Stored records
________________
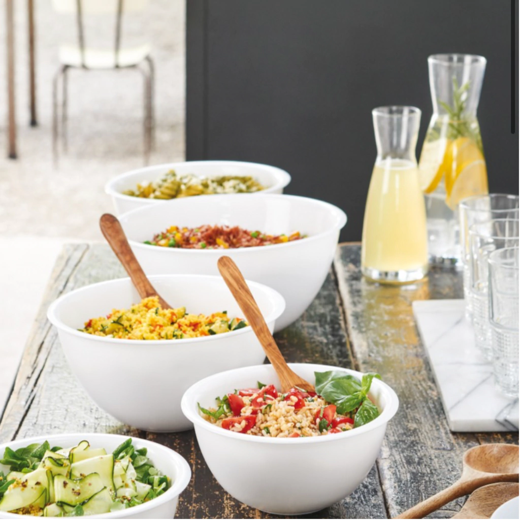 Ideal para servir ensaladas, platos fríos y calientes, platos principales, ensaladas de frutas y postres de cuchara; también se puede utilizar para mezclar ingredientes.
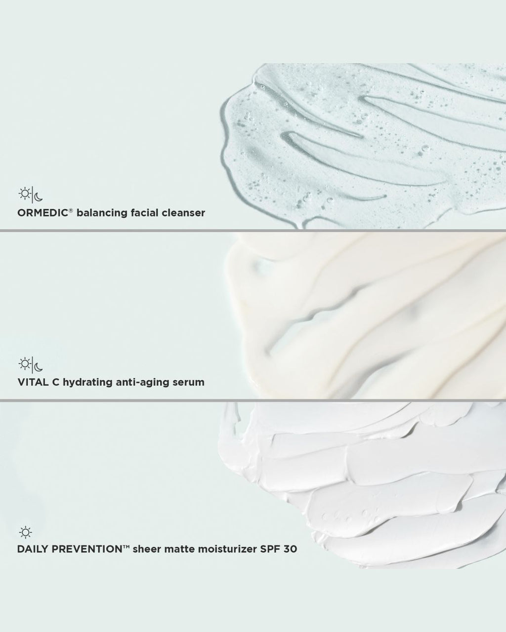 Reiseset zum Kennen-, Liebenlernen und mitnehmen! Die optimalen Reisegrößen eignen sich für einen Urlaub oder zum Ausprobieren neuer Produkte. Enthalten sind 3 Spezialgrößen: ORMEDIC balancing facial cleanser 50 ml, DAILY PREVENTION sheer matte moisturizer SPF30 28 g und VITAL C hydrating anti-aging serum 15 ml.
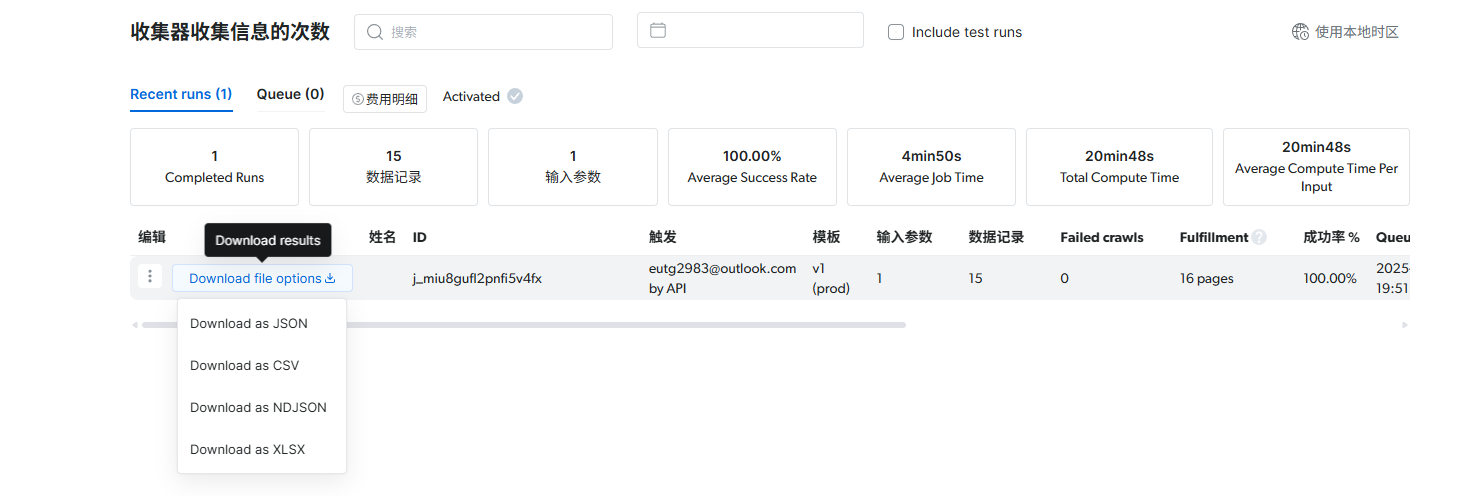 采集完成后,你可在 "Results" 标签页 下载数据,或通过 Webhook / API / 云存储(S3、GCS 等) 自动接收结果。
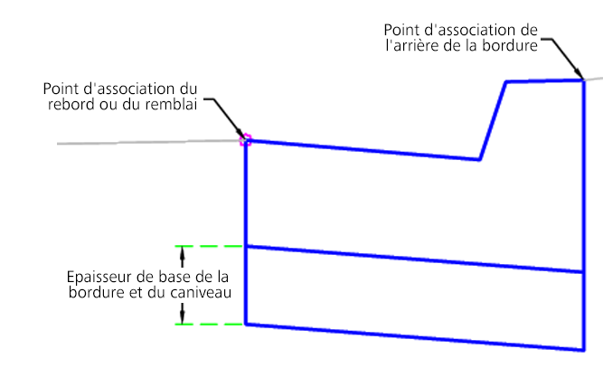 Le point initial est défini sur le point d'association. Les points, les liens et les formes de la bordure et du caniveau sont générés en fonction du type de bordure sélectionné. La base est ensuite placée sous la bordure et sous le caniveau.
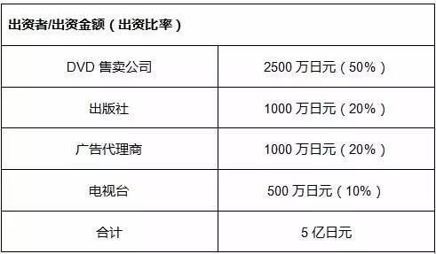 前面说到各个出资公司通过对作品的二次利用赚钱,而依据的标准就是各自的出资比率。三文娱这里引用日本专业网站livedoor上所举的架空案例,对制作委员会中各个公司的出资情况做进一步说明。
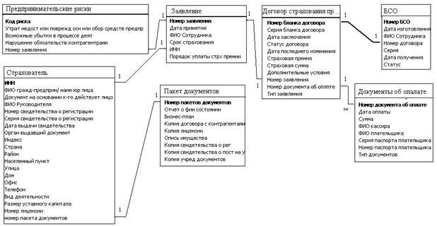 - Осуществлено проектирование структуры базы данных для хранения информации о договорах страхования предпринимательских рисков, бланках строгой отчетности, документах об оплате, страхователе, предпринимательских рисков.
________________
◆ **ASSIGNMENT**
Give back the entries above exactly as they stand. Leave the images out.

◆ **EXPECTED OUTPUT**
 Ideal para servir ensaladas, platos fríos y calientes, platos principales, ensaladas de frutas y postres de cuchara; también se puede utilizar para mezclar ingredientes.
 Reiseset zum Kennen-, Liebenlernen und mitnehmen! Die optimalen Reisegrößen eignen sich für einen Urlaub oder zum Ausprobieren neuer Produkte. Enthalten sind 3 Spezialgrößen: ORMEDIC balancing facial cleanser 50 ml, DAILY PREVENTION sheer matte moisturizer SPF30 28 g und VITAL C hydrating anti-aging serum 15 ml.
 采集完成后,你可在 "Results" 标签页 下载数据,或通过 Webhook / API / 云存储(S3、GCS 等) 自动接收结果。
 Le point initial est défini sur le point d'association. Les points, les liens et les formes de la bordure et du caniveau sont générés en fonction du type de bordure sélectionné. La base est ensuite placée sous la bordure et sous le caniveau.
 前面说到各个出资公司通过对作品的二次利用赚钱,而依据的标准就是各自的出资比率。三文娱这里引用日本专业网站livedoor上所举的架空案例,对制作委员会中各个公司的出资情况做进一步说明。
 - Осуществлено проектирование структуры базы данных для хранения информации о договорах страхования предпринимательских рисков, бланках строгой отчетности, документах об оплате, страхователе, предпринимательских рисков.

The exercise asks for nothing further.